Weekends are often seen as a time to relax, hang out or get caught up on homework.
However, this weekend has a lot happening, especially on May 19.
For culture-buffs, there’s the royal wedding to watch, National Asian and Pacific Islander Day or Culture Freedom Day.
For patriots, there’s Armed Forces Day or Celebrate Your Elected Officials Day.
And for the health-aware, there’s HIV/AIDS Awareness Day and National Hepatitis Testing Day.
In the same token, there’s World IBD Day, a day with special meaning to me.
On Feb. 2, 2012, I was diagnosed with ulcerative colitis, a disease under the umbrella term Inflammatory Bowel Disease that also includes Crohn’s disease.
Colitis and Crohn’s are autoimmune diseases. Autoimmune is a term that means your body’s immune system attacks itself. In IBD’s case, the attack happens along the digestive track.
Colitis is something I haven’t always been comfortable talking about. However, I’m beginning to be more and more open in the hopes of helping and educating others. Because the thing about colitis is, it’s an invisible illness. If I don’t talk about it, it doesn’t show.
While on the outside I may look like anyone else, inside, my body is waging a war.
Symptoms and experiences are unique to everyone.
For me, it can be intense fatigue, running to the restroom dozens of times, dozens of pills with even more side effects, joint pain and stomach aches that feel like I’m being punched.
Beyond this, there’s isolation. Spending weekends in bed recuperating instead of having fun. Being stuck between wanting to take on opportunities and it not working out with my symptoms. Seeing more of doctors than my friends. There’s also struggling to get through school work and feeling like having no control over my schedule.
Having an autoimmune disease often requires taking medicines that reduce the function of your immune system and put you at risk for more illnesses.

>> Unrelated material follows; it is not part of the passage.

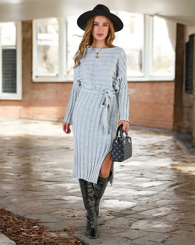 - Női midi pulóver ruha hosszú ujjakkal és kerek nyakkivágással. Ezen kívül övvel a derekán. Must have az idei szezonban! MEGJEGYZÉS: A mérési pontosság (+/-) 1 cm. A méretek laposan mérve.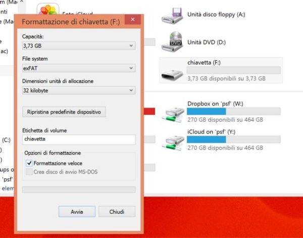 Windows utilizza di default la formattazione veloce per trattare chiavette USB e dischi, questo significa che rimuove tutti i dati dall'unità senza però controllarne l'integrità. Se vuoi che in seguito alla formattazione venga analizzato il volume in maniera più accurata per individuare eventuali settori danneggiati, rimuovi la spunta dalla voce Formattazione veloce. Sappi però che così facendo aumenterai di molto i tempi necessari per la formattazione.

Throughout high school and now college, I’ve had to miss weeks of school at a time.
Then there’s always the questions of where have I been. It’s emotional, because like I said in my last column, life is more than numbers and labels; but I often feel stuck with the label of sick.
Colitis is a chronic disease with no cure, so it will always be a part of me.
So this weekend, amid all the usual routine of the weekend, I ask that you look into IBD and how it impacts millions around the globe. Unveil part of the curtain that makes this disease hidden. You can find the World IBD website at this address https://worldibdday.org/about-us and the United States site here: http://www.crohnscolitisfoundation.org.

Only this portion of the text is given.